Segment Start: THE INPUT

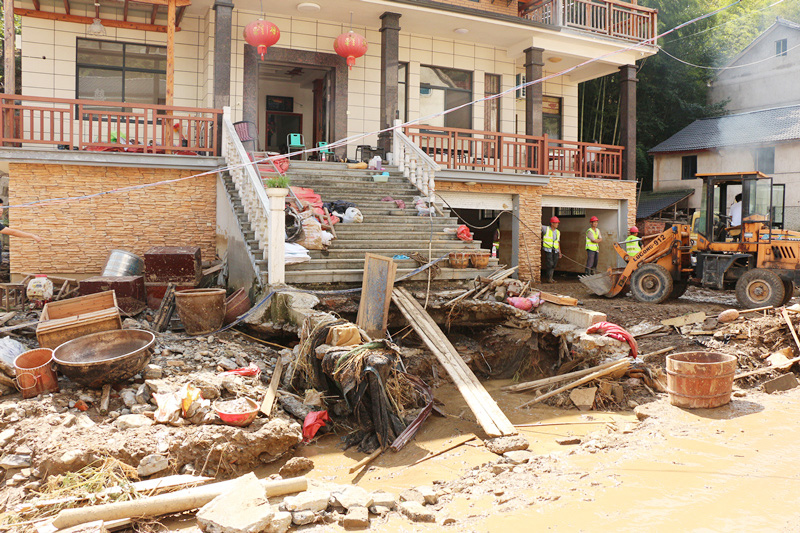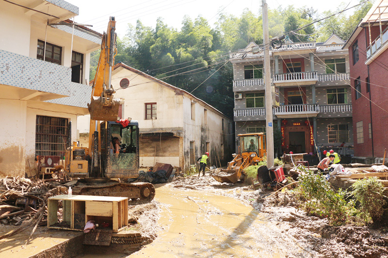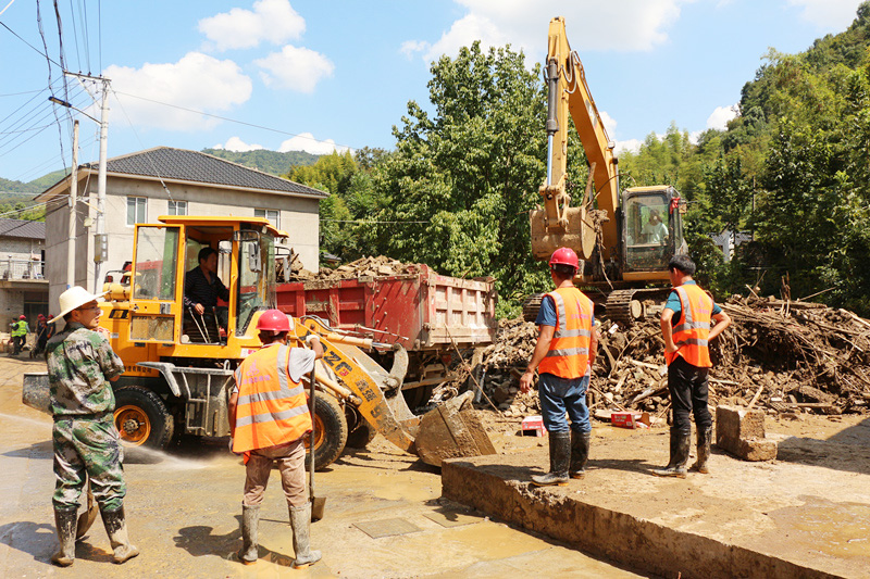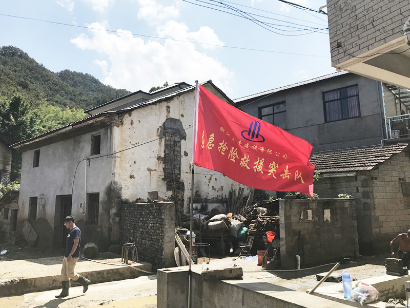 9月5日晚上9点左右,杭州临安湍口镇突发强降雨,随后临安区气象台将暴预警信号升级为暴雨红色预警信号,连续暴雨造成湍口镇三联村老坞自然村发生局部小流域洪水,村内大批房屋被淹,村道被土石淤泥堵塞,村民生命财产受到严重威胁。9月6日夜,应临安区应急管理及住建等主管部门号召,三丰建设公司立即启动应急预案,连夜集合公司应急救援突击队成员共计30余人,配置挖掘机、铲车、抽水机等应急机械设备,于9月7日清晨紧急赶赴老坞自然村灾后救援。
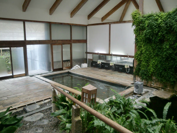 温室みたいな広い浴場。温泉は少しぬるく、冬より春がいいかも。
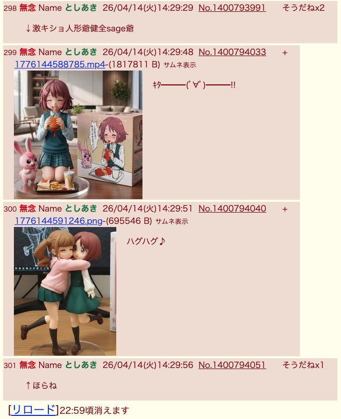 | … | 298無念Nameとしあき26/04/14(火)14:29:29No.1400793991そうだねx6↓激キショ人形爺健全sage爺 |
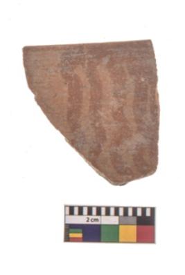 | Description / विवरण | Specimen of black on red ware with black decorative Vertical wavy lines geometric painting. |
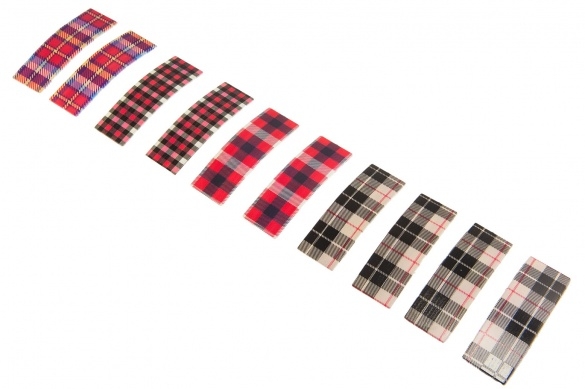 Klasyczne klorowe spinki do włosów z nadrukiem w kratkę.Zestaw składa się z czterech kolorów.

Segment End: THE INPUT

[EXERCISE OBJECTIVE] The data needs to be reproduced exactly, please, apart from its pictures.

[ANSWER FOR THE TASK]
 9月5日晚上9点左右,杭州临安湍口镇突发强降雨,随后临安区气象台将暴预警信号升级为暴雨红色预警信号,连续暴雨造成湍口镇三联村老坞自然村发生局部小流域洪水,村内大批房屋被淹,村道被土石淤泥堵塞,村民生命财产受到严重威胁。9月6日夜,应临安区应急管理及住建等主管部门号召,三丰建设公司立即启动应急预案,连夜集合公司应急救援突击队成员共计30余人,配置挖掘机、铲车、抽水机等应急机械设备,于9月7日清晨紧急赶赴老坞自然村灾后救援。
 温室みたいな広い浴場。温泉は少しぬるく、冬より春がいいかも。
 | … | 298無念Nameとしあき26/04/14(火)14:29:29No.1400793991そうだねx6↓激キショ人形爺健全sage爺 |
 | Description / विवरण | Specimen of black on red ware with black decorative Vertical wavy lines geometric painting. |
 Klasyczne klorowe spinki do włosów z nadrukiem w kratkę.Zestaw składa się z czterech kolorów.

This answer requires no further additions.